VICTIMS OF COMMUNISM MEMORIAL

Officials Break Ground at D.C. Site

By Sue Anne Pressley Montes
Washington Post Staff Writer
Thursday, September 28, 2006

In China's Tiananmen Square, the "Goddess of Democracy" created by student activists was demolished by communist tanks during the historic uprising in 1989. Now a 10-foot bronze copy of the statue is being erected in downtown Washington as a permanent tribute to the estimated 100 million people killed by various communist regimes.

A groundbreaking ceremony for the Victims of Communism Memorial was held yesterday at the site, a wedge of federal land where G Street NW meets Massachusetts and New Jersey avenues, near Union Station. The event drew about 100 people, including ambassadors and other officials from Poland, the Czech Republic, Latvia, Lithuania, Estonia and the Republic of China (Taiwan).

"There is no memorial to all the victims of communism," said Lee Edwards, a conservative historian and Heritage Foundation fellow who chairs the memorial foundation. "We want to focus attention on the crimes of communism and therefore educate people about why we fought and won the Cold War."

The memorial, expected to be dedicated in June around the 20th anniversary of President Ronald Reagan's famous tear-down-the-Berlin-Wall speech at Brandenburg Gate, was more than a decade in the making. Formed in 1994, the foundation originally had hoped to build a $100 million museum and later scaled back plans to focus on the memorial, Edwards said. About $800,000 has been raised in private and corporate donations, he said. Although no federal funds can be used on the project, several foreign governments have contributed.

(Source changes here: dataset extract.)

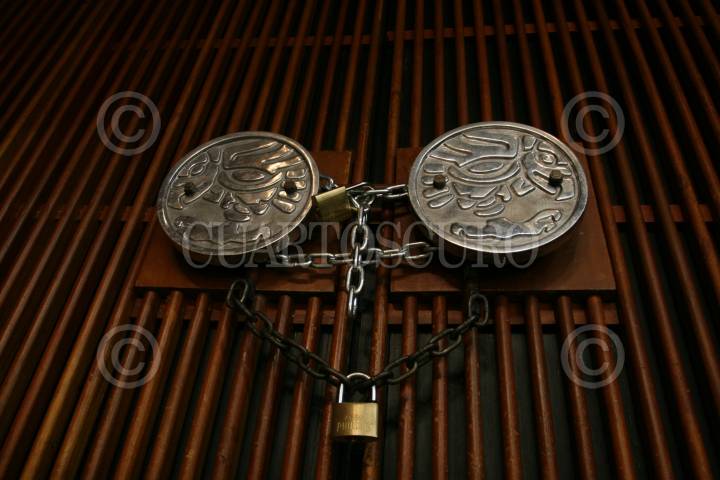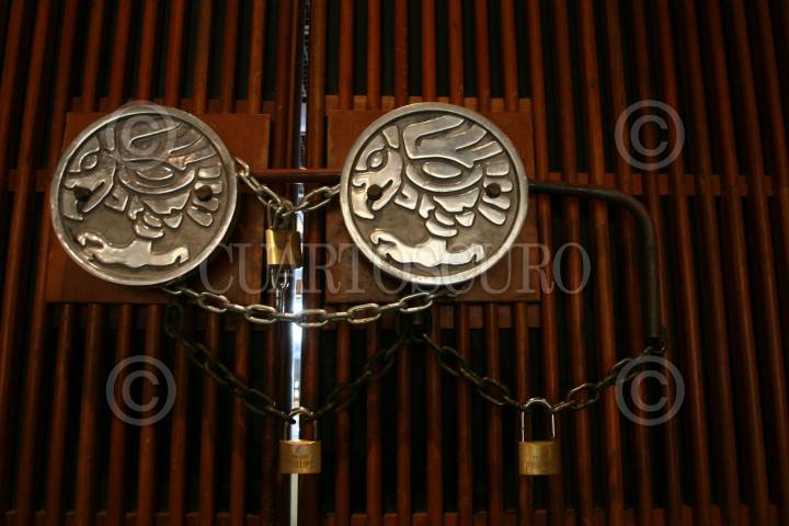MÉXICO D.F. 17ABRIL2008.-Los diputado Alberto Esteba y Pablo Arreola, por la madrugada de este jueves colocaron cadenas y candados a las puertas del salón de plenos en la Cámara de Diputados. FOTO: GUILLERMO PEREA /CUARTOSCURO.COM

"I can't believe we actually got to this day after all these years," said Rep. Dana Rohrabacher (R-Calif.), who was credited with helping pass the law that created the memorial.

"During the Cold War, there were so many people who did not want to recognize the evil nature of communism," Rohrabacher said. "There were so many people who did not want to fight the Cold War. . . . They always seemed to be nitpicking us as we made our stand against communist aggression."

The Democracy statue destroyed in Tiananmen Square was fashioned from plaster of Paris and based on the Statue of Liberty; it has become an international symbol of freedom. Thomas Marsh of Orange, Va., the sculptor who will create the bronze memorial for the quarter-acre site in the District, is donating his work, Edwards said.

The groundbreaking "signifies in many ways the end of the Cold War," said Paula J. Dobriansky, undersecretary of state for democracy and global affairs whose father, former ambassador Lev Dobriansky, was the first chairman of the memorial foundation. She spoke of the men and women "for whom the Cold War was the central reality for most of their lives."

"The memorial built here will stand after we no longer do," Dobriansky said.

David Lee, Taiwan's representative in Washington, said the memorial will also remind people that the fight against communism is not over.

"We are still in a confrontational situation with communist China," Lee said, as he waited his turn yesterday to help shovel a bit of the earth. "That's the reason we think we need to be here."